The car started right up. He twisted the ends of the wire around the ignition tabs and sat up, pulled the door shut and went driving up the road less than six minutes after the driver had left the car.

Pretty soon they’d be down there with their tow car and they’d find the tanker missing. They’d figure out how it had been done but they’d have to conclude it had been a rival bootlegger outfit. They wouldn’t report the theft to the law; they could hardly do that. They’d start banging around their neighbors’ stills and the feudist mentality of the back hills would make things pretty wild for a while. It was what he wanted: the more confusion the better.

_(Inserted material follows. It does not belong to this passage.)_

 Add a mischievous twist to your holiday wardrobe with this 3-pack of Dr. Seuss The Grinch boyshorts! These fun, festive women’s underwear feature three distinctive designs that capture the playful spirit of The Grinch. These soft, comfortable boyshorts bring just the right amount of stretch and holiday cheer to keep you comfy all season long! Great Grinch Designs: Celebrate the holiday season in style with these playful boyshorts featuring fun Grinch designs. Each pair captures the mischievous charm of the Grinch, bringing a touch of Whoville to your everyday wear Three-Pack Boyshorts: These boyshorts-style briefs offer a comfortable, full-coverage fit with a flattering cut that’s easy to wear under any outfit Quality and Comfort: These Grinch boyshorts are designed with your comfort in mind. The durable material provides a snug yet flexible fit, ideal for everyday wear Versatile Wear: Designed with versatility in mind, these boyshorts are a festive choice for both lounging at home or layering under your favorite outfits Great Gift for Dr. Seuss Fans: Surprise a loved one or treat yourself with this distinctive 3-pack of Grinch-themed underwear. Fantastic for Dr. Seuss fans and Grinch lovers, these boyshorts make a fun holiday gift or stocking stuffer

He drove the Olds into his barn and closed the barn doors and walked back down the track to repair the cowbell tripwire he’d broken when he’d driven in. Then he went up to the house and got out of his gasoline-soaked clothing, showered and scrubbed thoroughly, got into work clothes and returned to the barn to disguise the Olds.

He carefully applied masking tape to the chrome surfaces and edged the tape with razor-blade cuts. The car was a dark green hardtop with a white roof. He had a dozen aerosol cans of black automobile paint. He taped newspaper over the windshield and windows and went to work with the spray paint: two coats on the roof, one on the rest of the car. He wasn’t an expert painter and the job looked mottled and amateurish but that was all right, it went with the age of the car. The paint wasn’t thick enough to blacken the roof entirely; it ended up more grey than black but again that was good enough. He removed the license plates and threw them into the toolbox of the DeSoto in the yard, and bolted the plate he’d stolen in Birmingham onto the rear bracket of the Olds.

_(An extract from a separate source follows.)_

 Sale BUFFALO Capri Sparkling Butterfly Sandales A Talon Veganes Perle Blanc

It was quick-drying paint. By dawn even the second coat on the roof was no longer tacky to the touch. He backed the Pontiac up to the Olds and siphoned off the Pontiac’s tank, running fuel into the Olds until it was nearly full. It left him about a quarter of a tank in the Pontiac-enough, in case. He put the Pontiac back in its usual parking space in front of the house and then he went over to the wrecked DeSoto and disconnected the dome-light toggle switch from it. He wired the toggle to the ignition of the Olds and brought a pushbutton switch from the DeSoto to act as a starter switch; there wouldn’t be time to fumble around under the dash trying to hot-wire it. When he had his wiring finished and everything screwed into place he tried it out and it worked fine: switch on the toggle, push the button and it started right up.

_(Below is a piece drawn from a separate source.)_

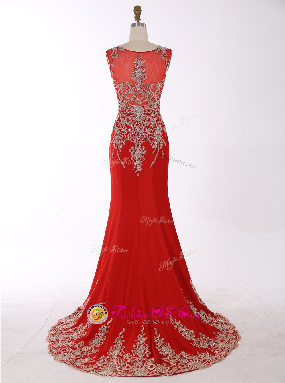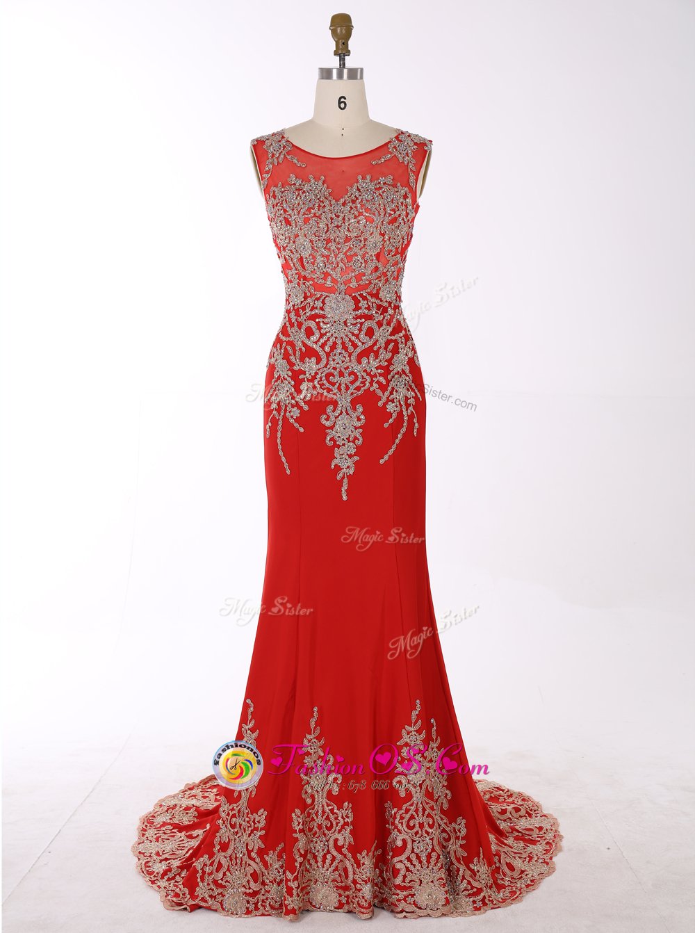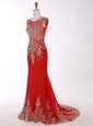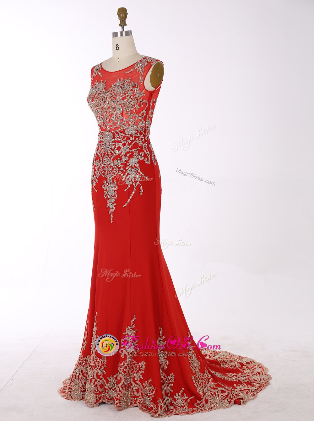 Home >  Prom Dresses >  Perfect Prom Dresses > Top Selling Mermaid Scoop Red Chiffon Zipper Sleeveless With Brush Train Beading and Appliques

Then he inspected the spray pipe under the bumper. The faucet handles of the six spigots had heavy steel cables fixed to them; the cables disappeared through drilled holes into the body of the car. He found the control after a little searching. It was an old hand-brake lever they’d taken off some truck or tractor; it lay down against the floor between the door sill and the driver’s seat. He didn’t touch it; you could only use a cable control once because you couldn’t close it again without going around and closing each of the six faucets separately and by that time you’d have poured all the oil out onto the barn floor. But he did open one of the spigots a little and a hard stream of black oil sprayed out; he twisted the handle shut immediately.

They were guerrilla devices, the oil spigots on moonshiners’ tankers; if you were being pursued by another car all you had to do was pick the right spot and yank the handle and you covered the road behind you with a murderous oil slick. Anybody pursuing you would slither helplessly on the stuff. Pour it out on a steep bend and you’d send pursuit to their deaths.

He didn’t intend to hurt anybody; if he could help it he didn’t even want anybody bruised. But it was a useful bonus-in case.